[HN Gopher] Automatically transcribe an interview, meeting or video
___________________________________________________________________
Automatically transcribe an interview, meeting or video
Author : MajidMM
Score : 66 points
Date : 2021-05-10 08:24 UTC (14 hours ago)
(HTM) web link (voicedocs.com)
(TXT) w3m dump (voicedocs.com)
| eloeffler wrote:
| Fun fact: In Germany, most state parliaments and the state
| parliament still use hand-written stenography for protocols
| because it is still most reliable (catching all: shouts, noise-
| expressions from the crowd, etc.) and wasn't replaced by a typing
| system because up to date there is no typing stenography that
| keeps up with the speed of hand-written stenography (in German
| language).
| gumby wrote:
| Note that recording via stenography is a two-step process.
|
| The first is to record the _sounds_ you hear. Look at a common
| stenographic "alphabet" (often called "shorthand alphabet"

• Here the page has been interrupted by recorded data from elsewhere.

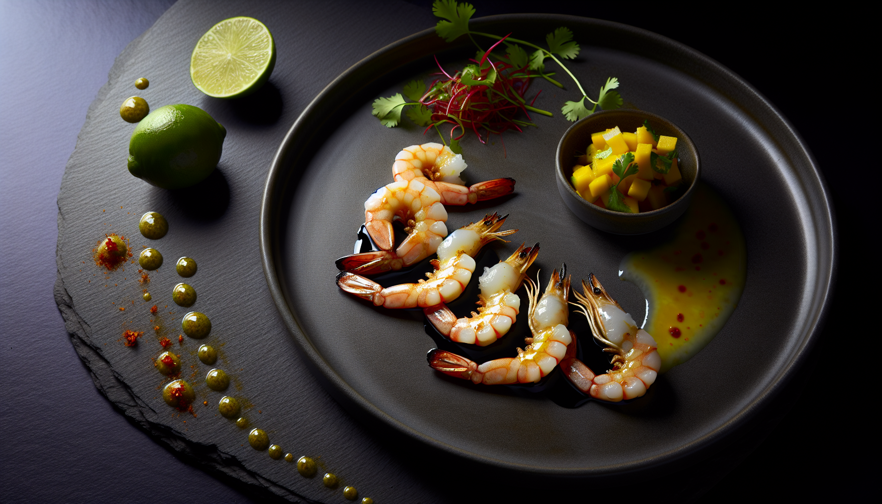 Valmistamises on võtmerollil lühike marinaad, intensiivne kuumus ja napp glasuur, mis keeb nappe-konsistentsini. Karamelliseeritud pinnaga krevetid, kuldsed mangokuubikud ja aromaatsed laimilehed loovad mustal taldrikul elegantse kontrasti. Serveerides pintselda peale veel veidi glasuuri, lisa värske koriander ning laimisektorid. Tulemus on puhas, siidine ja ergas – ideaalne nii õhtusöögi avanguks kui kergeks pearoaks.
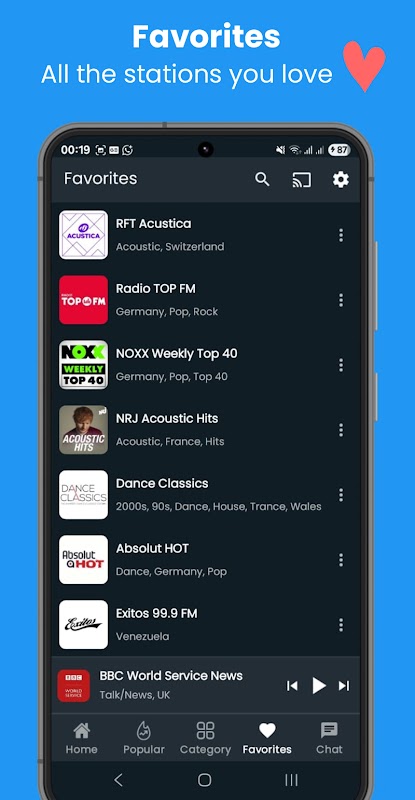 ہر ملک کی نمائندگی کی جاتی ہے، اور روزانہ نئے اسٹیشن شامل کیے جاتے ہیں۔ فوری طور پر سننا شروع کرنے کے لیے تھپتھپائیں - کوئی رکاوٹ نہیں۔
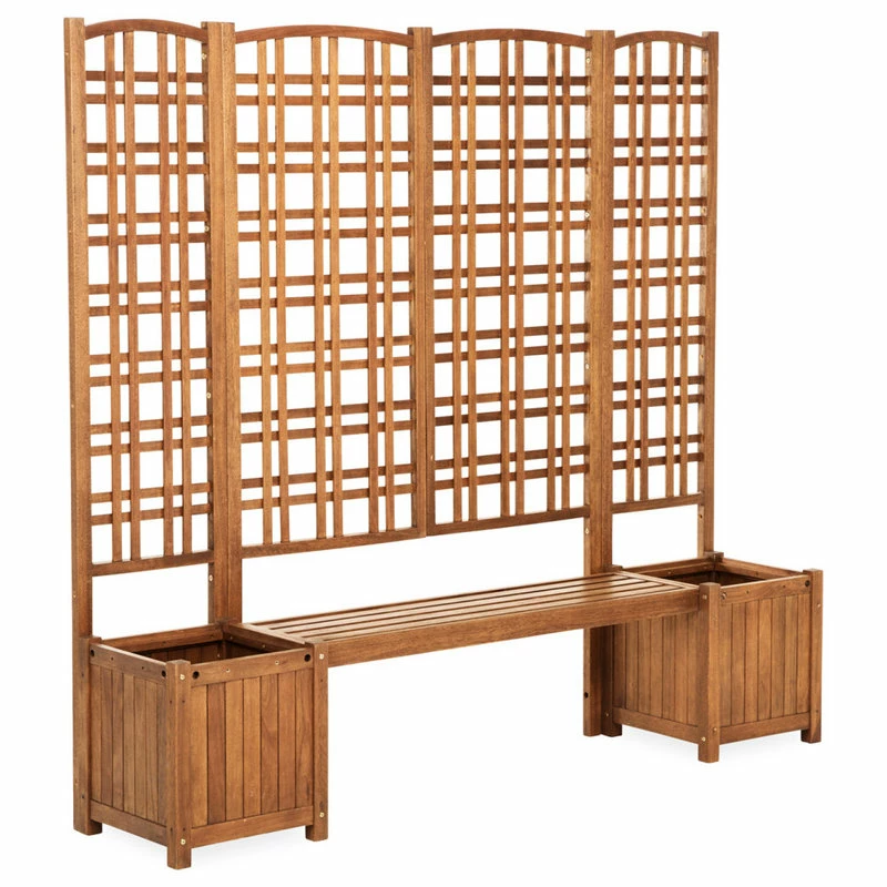 This outdoor safe eucalyptus privacy trellis can be used stand-alone or with the planters and benches to create a shaded area, sold separately. This collection is versatile, made up of configurable pieces.

| though that practice is essentially dead) or at the keyboard of
| a stenographic machine.
|
| Then the stenographer reads the output (either hand or machine
| generated) and writes a text using a combination of cue (from
| the paper) and memory.
|
| This is quite different from trying to do straight text-to-
| speech.
| fxtentacle wrote:
| I once tried to build a German service for transcribing online
| meeting calls, similar to what UberConference now offers, by
| using a cloud API for the STT.
|
| Oh wow was I surprised to see the quality. All of the cloud
| providers are abysmally bad at transcribing German.
|
| I believe the reason is that in German, you can make up word
| combinations on the fly and use them as valid nouns. And people
| do that, if it's convenient or if it enables you to be more
| precise.
|
| "Dampfschiffahrtsgesellschaft" = Society (Gesellschaft) for
| Driving (Fahrt) of Boats (Schiff) with Steam (Dampf)
| creshal wrote:
| > Society (Gesellschaft)
|
| In this context, Gesellschaft translates to Company.
| (GmbH=LLC)
|
| The spelling also depends on whether you're talking about the
| historical Erste Donau-Dampfschiffahrts-Gesellschaft or any
| generic Dampfschifffahrts-Gesellschaft - note the ff vs. fff
| in middle; the old company name retains its pre-1996
| spelling.
|
| Donaudampfschiffahrtsgesellschaft without hyphens was as far
| as I can tell never officially used by the company, but used
| informally as part of the name of the
| Donaudampfschiffahrtsgesellschaftskapitanstango, a 1930s
| song.
| rvba wrote:
| After the simplification of spelling system ( https://en.wiki
| pedia.org/wiki/German_orthography_reform_of_1... ), German
| got a big advantage: you can write and read nearly
| everything, even if you don't know its meaning.
|
| Due to much more complicated grammar German is much more
| difficult to learn than English, but at least the spelling is
| easy.
|
| I wonder why more languages never try to simplify their
| orthographies. Children could spend years learning useful
| things, instead of wasting time on spelling.
|
| Controversial opinion here: they should have removed ss
| (sharffes S) completely. It is still used in some relatively
| rare cases.
| thunderbong wrote:
| After reading the last line of your comment I put the words
| back in the German word (in English) and got -
|
| SteamBoatDrivingSociety
|
| Which actually made complete sense even in English!
| spzb wrote:
| In my experience, they're pretty poor in English too.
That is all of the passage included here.